Provide an exact copy of the data, excluding the images.

Dataset section>
_ _ _ _
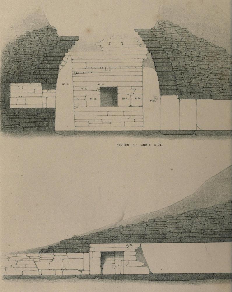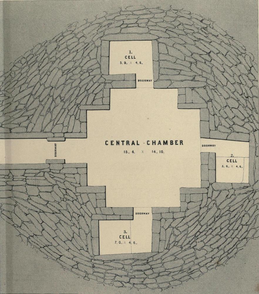 [Pg 15]The chamber when cleared out proved to be about 15 feet square on the level of the floor, and 13 feet in height, to the top of the present walls. Immediately opposite to the passage is an opening in the wall 3 feet from the floor. This is the entrance to a cell or small chamber in the wall, 5 feet 8 inches long, 4½ feet wide, and 3½ high. A large flagstone is laid as a raised floor between the entrance and the inner end of the chamber. The entrance is 2 feet wide, 2½ high, and 22½ inches long. On the two opposite walls of the chamber are similar openings in the walls. The one on the right is 2½ feet wide, 2 feet 9 inches high, and 1 foot 8 inches long. It gives admission to a cell 6 feet 10 inches long, 4 feet 7 inches wide, 3½ feet high, and has a raised flagstone floor, as in the other chamber. The opening on the left is 2¼ feet wide, 2½ high, and 1¾ long, and about 3 feet above the floor of the chamber. The cell of which this is the entrance is 5 feet 7 inches long, 4 feet 8 inches wide, and 3 feet 4 inches high. It has no raised floor like the two other cells. The roofs, floors, and back walls of the cells are each formed by a single slab of stone, and stones corresponding in size and shape to the openings in the walls were found on the floor in front of them. The natural inference is that they were originally the seals of the chambers in which the honoured dead reposed.
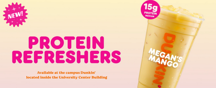 Located inside the University Center Building, Dunkin’ offers handcrafted espresso drinks, all-day breakfast sandwiches, delicious donuts and more. Fresno State runs on Dunkin’.
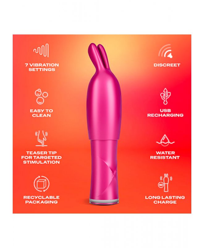 Bølger av nytelse venter deg med denne fantastiske 2 in 1 vibratoren fra Durex! Vibratoren er nemlig designet med en hette som "kaninører" som kan tas av om du ønsker. Med denne kan du prøve forskjellige kombinasjoner: Bruk vibratoren alene uten hetten, eller sett på "kaninørene" for ekstra moro! Uansett hva du liker, får du en pirrende opplevelse med denne vibratoren.
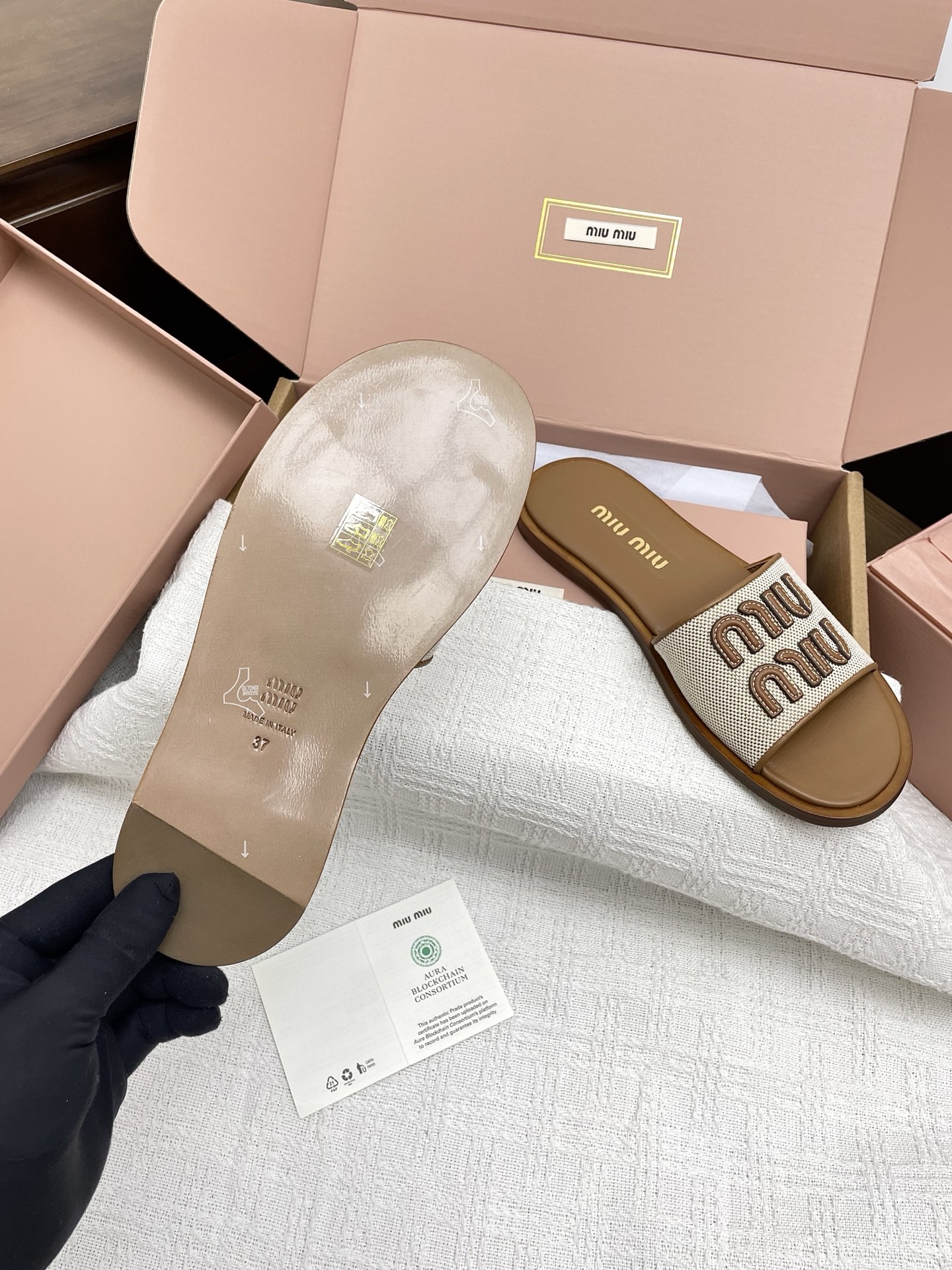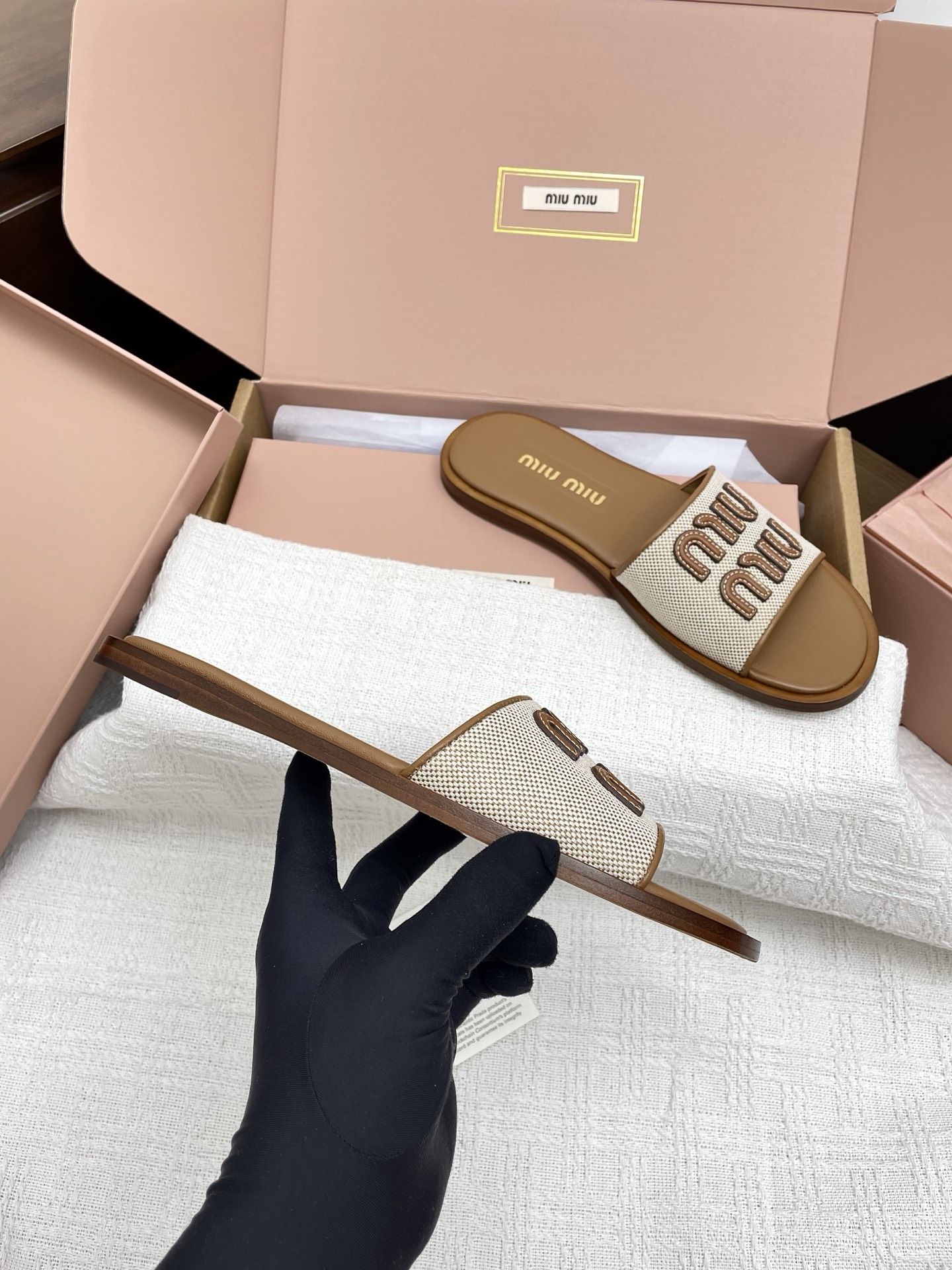 這款鞋子是AAAAA 1:1 質量(非常棒). 使用了和原版一模一樣的材料. 商標部分也保持了和繆繆/Miu Miu一樣. 圖片拍攝是實物鞋子拍攝, 您所收到的實物保證和我們圖片一模一樣.
_ _ _ _
Written response>
 [Pg 15]The chamber when cleared out proved to be about 15 feet square on the level of the floor, and 13 feet in height, to the top of the present walls. Immediately opposite to the passage is an opening in the wall 3 feet from the floor. This is the entrance to a cell or small chamber in the wall, 5 feet 8 inches long, 4½ feet wide, and 3½ high. A large flagstone is laid as a raised floor between the entrance and the inner end of the chamber. The entrance is 2 feet wide, 2½ high, and 22½ inches long. On the two opposite walls of the chamber are similar openings in the walls. The one on the right is 2½ feet wide, 2 feet 9 inches high, and 1 foot 8 inches long. It gives admission to a cell 6 feet 10 inches long, 4 feet 7 inches wide, 3½ feet high, and has a raised flagstone floor, as in the other chamber. The opening on the left is 2¼ feet wide, 2½ high, and 1¾ long, and about 3 feet above the floor of the chamber. The cell of which this is the entrance is 5 feet 7 inches long, 4 feet 8 inches wide, and 3 feet 4 inches high. It has no raised floor like the two other cells. The roofs, floors, and back walls of the cells are each formed by a single slab of stone, and stones corresponding in size and shape to the openings in the walls were found on the floor in front of them. The natural inference is that they were originally the seals of the chambers in which the honoured dead reposed.
 Located inside the University Center Building, Dunkin’ offers handcrafted espresso drinks, all-day breakfast sandwiches, delicious donuts and more. Fresno State runs on Dunkin’.
 Bølger av nytelse venter deg med denne fantastiske 2 in 1 vibratoren fra Durex! Vibratoren er nemlig designet med en hette som "kaninører" som kan tas av om du ønsker. Med denne kan du prøve forskjellige kombinasjoner: Bruk vibratoren alene uten hetten, eller sett på "kaninørene" for ekstra moro! Uansett hva du liker, får du en pirrende opplevelse med denne vibratoren.
 這款鞋子是AAAAA 1:1 質量(非常棒). 使用了和原版一模一樣的材料. 商標部分也保持了和繆繆/Miu Miu一樣. 圖片拍攝是實物鞋子拍攝, 您所收到的實物保證和我們圖片一模一樣.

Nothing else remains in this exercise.